Abbreviation: NPCR-SEER, National Program of Cancer Registries–Surveillance Epidemiology and End Results.

a

Information was available for more than 95% of cases for race/ethnicity and more than 99.9% of included cases for all other fields. Counts of fewer than 16 were suppressed to maintain deidentified information. Melanomas totaled 988 103.

Melanoma Incidence

The total number of reported US incident cases of invasive melanoma for all ages increased steadily from 50 272 in 2001 to 61 551 in 2006 to 71 922 in 2011 to 83 362 in 2015, with 67 cases in children, 251 in adolescents, 1973 in young adults, and 81 071 in adults reported in 2015. Between 2006 and 2015, the overall incidence rate increased from 200.1 to 229.1 cases per million person-years.

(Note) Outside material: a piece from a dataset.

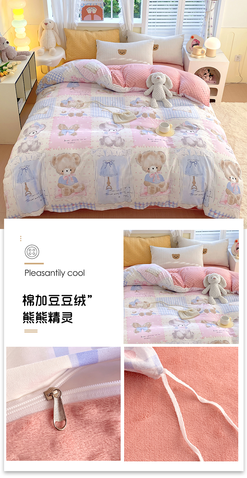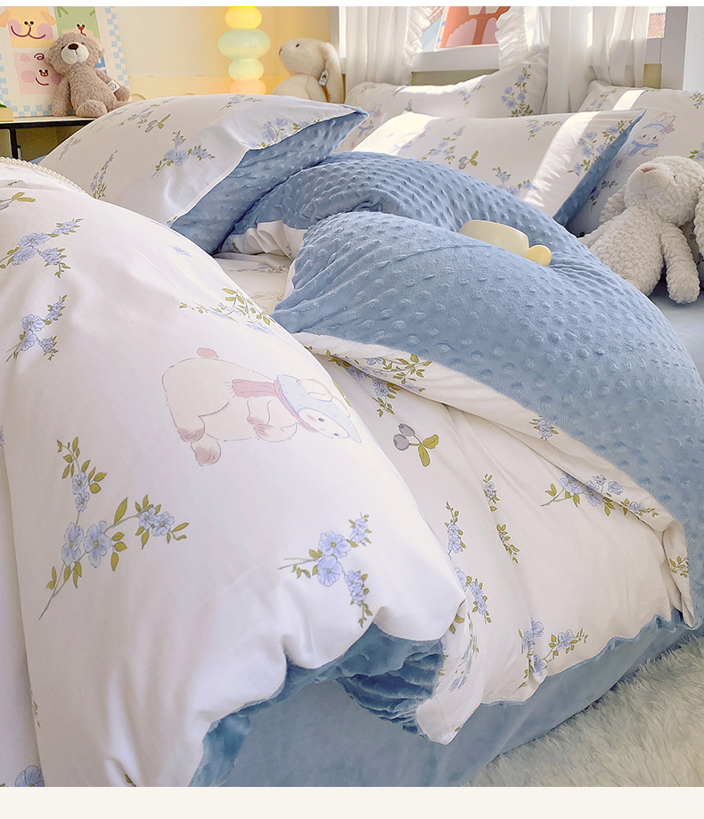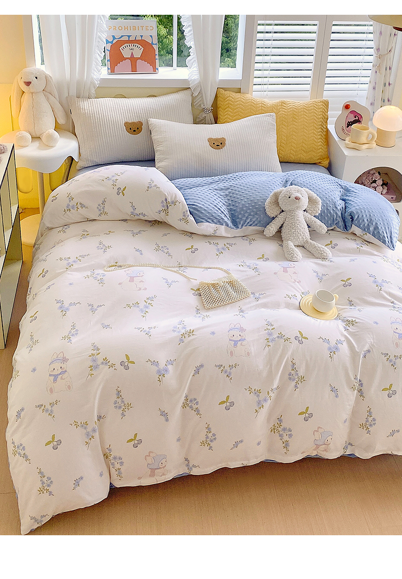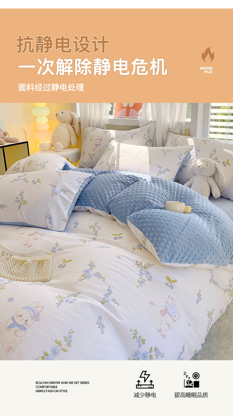 金鑫汇家纺 2025新款全棉豆豆绒系列单被套-棉加绒系列 棉加豆豆绒-花丛兔

Over the past decade for which data are available (2006-2015), this change represents an absolute increase of 21 811 reported cases (Figure 1A). Furthermore, from 2006 to 2015, the population-adjusted incidence rate increased significantly in both men (from 251 to 288 cases per 1 000 000 person-years) and women (from 164 to 186 cases per 1 000 000 person-years). This increase corresponded to an annual percentage change (APC) per year of 1.5% (95% CI, 1.2%-1.8%) for men and 1.1% (95% CI, 0.7%-1.6%) for women. Increased melanoma incidence was largely associated with adults aged 40 years or older. In this group of persons, melanoma incidence rates rose for both men (APC, 1.8%; 95% CI, 1.4%- 2.1%) and women (APC, 1.8%; 95% CI, 1.4%-2.2%). The significant increase in adjusted incidence rates suggests that the increase in observed reported melanoma cases represented an elevated rate of melanoma occurrence and not simply a greater number of persons at risk. The annual percentage increase in melanoma in those aged 40 years or older was found not only in localized disease (APC, 1.9%; 95% CI, 1.4%-2.4%) but also in distant metastatic disease (APC, 4.8%; 95% CI, 3.9%-5.8%).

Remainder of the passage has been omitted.